The present 30" have been around for couple of years,but the panel developement seem to have stagnated. Havent heard much talk about larger panels, or superhi-res either.
So,would there be some 35" 3500 x 2000px wide wonders coming up at some point?
Some 47" qhd´s were apparently promised last year,but havent seen them either..


So,any big love coming up?
 
1984? Anyone?
A bit fasistic,if you ask me.
But mods rule,mobs obey.

But,to the subject.

Is there any larger 30"+ panels in pipeline?

The present 30" have been around for couple of years,but the panel developement seem to have stagnated. Havent heard much talk about larger panels, or superhi-res either.
So,would there be some 35" 3500 x 2000px wide wonders coming up at some point?
Some 47" qhd´s were apparently promised last year,but havent seen them either..


So,any big love coming up?

Honestly, who the hell needs a 47" monitor? It just wouldn't be practical. Even the 30" requires you to rotate your head...
 
Honestly, who the hell needs a 47" monitor? It just wouldn't be practical. Even the 30" requires you to rotate your head...

Well,let´s see?

Video: You could have your palettes,pre-processed image and final render in same display.
Music : You could have your full tracklist (128 tracks?) and all other stuff visible all the time.
Photo: Hmm..Well,you could run LR and photoshop side by side AND working on vertical photos would be easier due to the greater height.

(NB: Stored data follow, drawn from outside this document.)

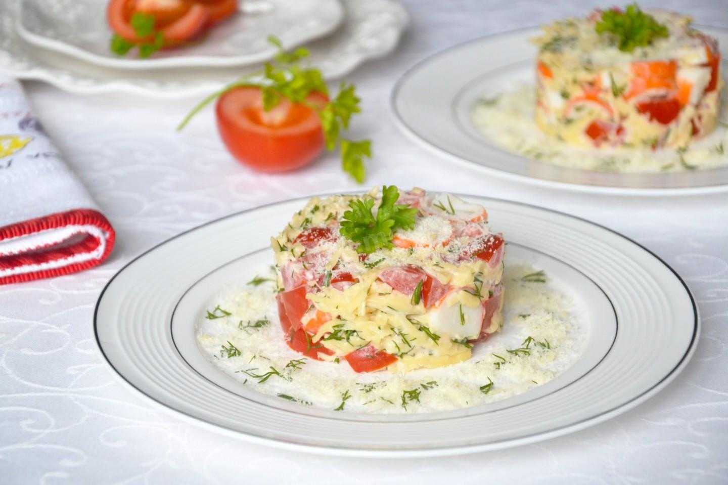 Рецепт 3: слоеный крабовый салат с помидорами и сыром
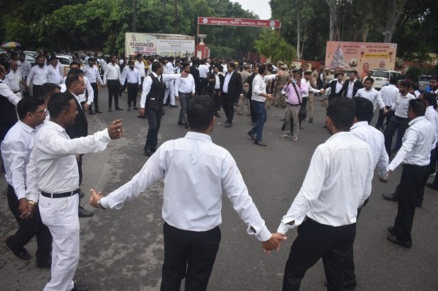 - मानव श्रृंखला से वकीलों ने जताया विरोध।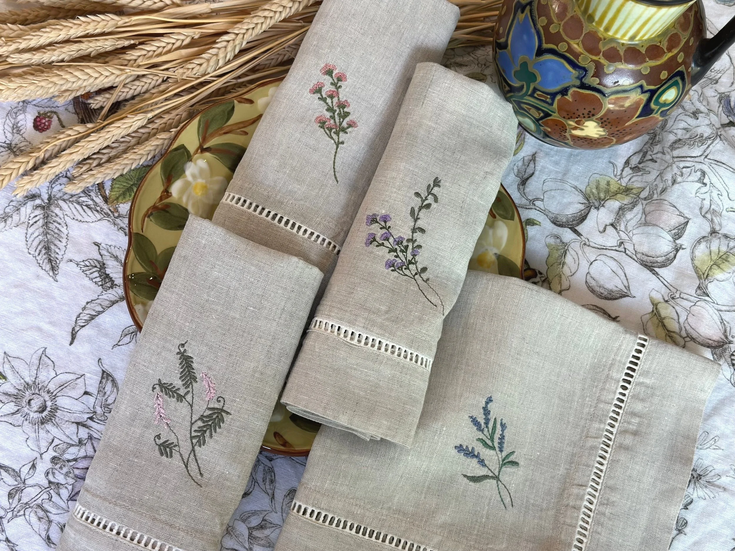 Each floral embroidered linen napkin I create is a blend of nature-inspired beauty and timeless elegance. Using high-quality linen and delicate stitched details, I bring wildflowers and garden blooms to life—adding charm and refinement to any table setting. Whether you’re hosting a special gathering or simply enjoying a quiet meal, these napkins elevate the dining experience with a touch of artistry. They also make thoughtful, heirloom-quality gifts for anyone who appreciates craftsmanship, natural beauty, and the little details that make life feel special.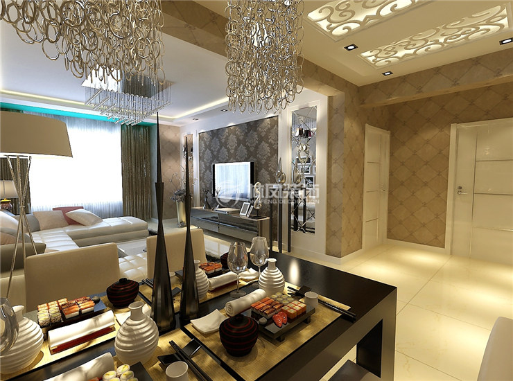 宽敞的空间,电视背景墙采用石膏跌级造型为主,再配上倒棱水印镜片和壁纸做背景,简约时尚的同时少不了大气,后期其他墙面以格式壁纸底色做陪衬,再搭配上一套超现代化的家具和灯具瞬间让整个空间感觉更加时尚诙谐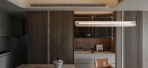 全室藉由涂料的雾面肌理、木质的温润纹理、暖黄光的柔和照明,辅以现代感金属与石材的冷暖对映,透过百叶调控日光流动,使侘寂质地於时光中缓缓显影。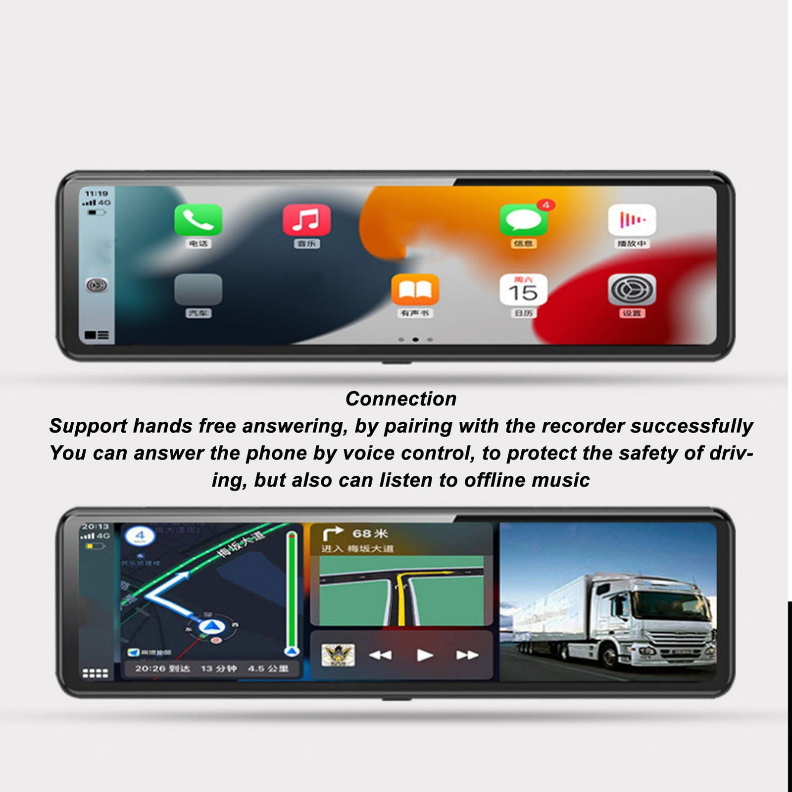 10.26In Mirror Dash Cam Bt5.0 Hd Night 3 Recorded Video Front 2.5K AM

I´ve personally been working with a 30" for the last year for photo,and honestly, it is a bit too small. Been considering a second 23" or 30" for additional display for added room. Especially in LR you would need the previews to be larger. The present 3 previews side by side is too cramped to make out the neccessary details,so you have to zoom in all the time.
And in music studios,where you can have the mixing table between yourself and display a big display is neccessity.


And if you need to rotate your head while watching the 30", it is too close to you... ;)


But honestly, I wouldnt need a 47" myself. A 32-35" would be suave.
 
Honestly, who the hell needs a 47" monitor? It just wouldn't be practical. Even the 30" requires you to rotate your head...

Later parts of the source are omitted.